Por: Jorge Richter Ramírez**
Lo obligaron a renunciar y con él buscaron que todos renunciemos. Era una acción humillante y desdeñosa hacia nuestra democracia. A partir de ese instante, todo fue unidireccional con calificaciones cargadas de resentimiento y advertencias de detenciones y judicialización.
La historia de nuestra región está signada por un enorme
listado de momentos políticos de quiebres en el poder civil. El 29 de junio de
1954 Jacobo Árbenz, hasta entonces presidente de Guatemala, era obligado a
renunciar en una acción donde las Fuerzas Armadas de aquel país, confabuladas
con la CIA, terminaron con la revolución que se había iniciado en 1944.
Escribió Luis Cardoza y Aragón: “Pienso en Árbenz, nos habían derrotado, lo
habían vejado en el aeropuerto de Guatemala, en él nos habían vejado a todos
los guatemaltecos”.
El 16 de septiembre de 1955, cuando la tarde recién
comenzaba en aquel infausto día para la democracia y el movimiento obrero
argentino, las fuerzas del general Eduardo Lonardi iniciaron el ataque militar
que intimaría al general Perón a renunciar a la presidencia tras una década en
el gobierno. El líder argentino no ofreció resistencia y tampoco quiso acudir a
los trabajadores para instalar una defensa que podía terminar en un “baño de
sangre”. Horas después admitía que ya no había nada que hacer.
Unas décadas más tarde, en septiembre de 1973, otro líder
emblemático de una Latinoamérica siempre agobiada era emplazado a renunciar. El
entonces comandante en Jefe de las Fuerzas Armadas chilenas, general Augusto
Pinochet, otorgaba un plazo perentorio al presidente Salvador Allende para que
haga dejación de su investidura. La respuesta del mandatario fue la que solo
hombres de una trascendencia histórica como la de Allende pueden tener: “Pagaré
con mi vida la lealtad del pueblo. Y les digo que tengo la certeza que la
semilla que entregáramos a la conciencia digna de miles y miles de chilenos, no
podrá ser cegada definitivamente… Trabajadores de mi Patria, quiero
agradecerles la lealtad que siempre tuvieron, la confianza que depositaron en
un hombre que solo fue intérprete de grandes anhelos de justicia”. El día 11 de
aquel mes, rechazando cualquier posibilidad de renunciar al mandato que el voto
popular le confirió, ofrendó su vida ante las fuerzas de Pinochet.

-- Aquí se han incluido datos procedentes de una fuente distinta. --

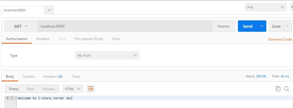 Let's run the application and view the output in Postman App. You can also see the same in a browser: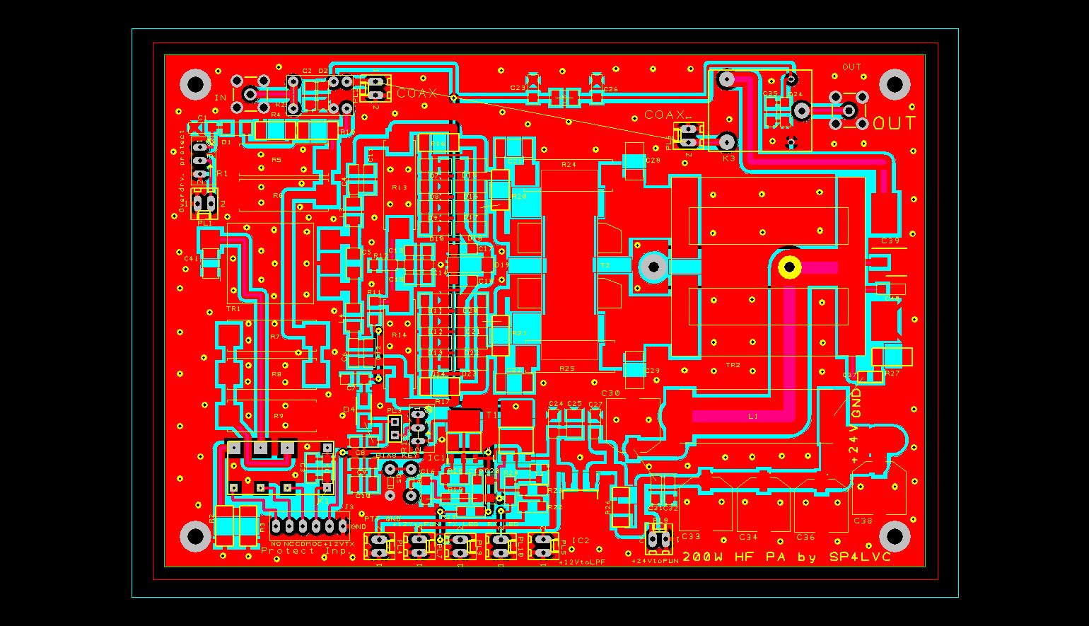 Do porannej kawy poprawiłem projekt płytki PA. Zawiera już wszystkie elementy z ostatniej wersji schematu i 2 gniazda CRIMP do wpięcia diód RX LED i TX LED. Proszę o wybaczenie, ale nie robiłem renumeracji elementów na schemacie i PCB, bo to dodatkowa robota i sprawdzanie, a ja powoli chcę mieć już pliki gotowe do złożenia zamówieniaw Chinach.

En el tiempo, las formas mutaron a “insinuaciones” menos
presenciales, pero no por ello faltas de efectividad. El Neogolpismo que ya había actuado bajo formas
militaristas y eventos de judicialización en la región, se pronunció en Bolivia
el 10 de noviembre de 2019, cuando el general Kaliman en conferencia de prensa
leyó un comunicado del conjunto de las Fuerzas Armadas de Bolivia: “Ante
la escalada de conflictos que atraviesa el país y velando por la vida, la
seguridad y la garantía del imperio de la CPE, en conformidad al artículo 20 de
la Ley Orgánica de las FFAA y luego de analizar la situación conflictiva,
sugerimos al presidente del Estado que renuncie”. Las alternativas para el
poder civil de entonces se redujeron a dos caminos únicamente: la vía Perón o
la decisión de Allende. Consumaron un golpe porque tenían intereses de clase
dominante y otros notoriamente económicos, pero un hecho mayor los inquietó
siempre, quienes gobernaban, distintos en color de piel y apellidos, les eran
antipáticos por su contenido popular. Para validar socialmente el golpe
precisaban de la indignación colectiva, la narrativa del fraude electoral fue
el argumento. Nunca lo probaron, pero les sirvió para despedazar la
institucionalidad electoral y la vida de miles de bolivianos.
Pienso en Bolivia y en el valor formidable de 3.393.801 mujeres y hombres que le dijeron al país y al mundo que en Bolivia hubo un grito pacífico y democrático, de una enorme voz popular que dijo no al fraude, no al golpe, no al odio y no a la intolerancia.
*Artículo publicado en el diario La Razón.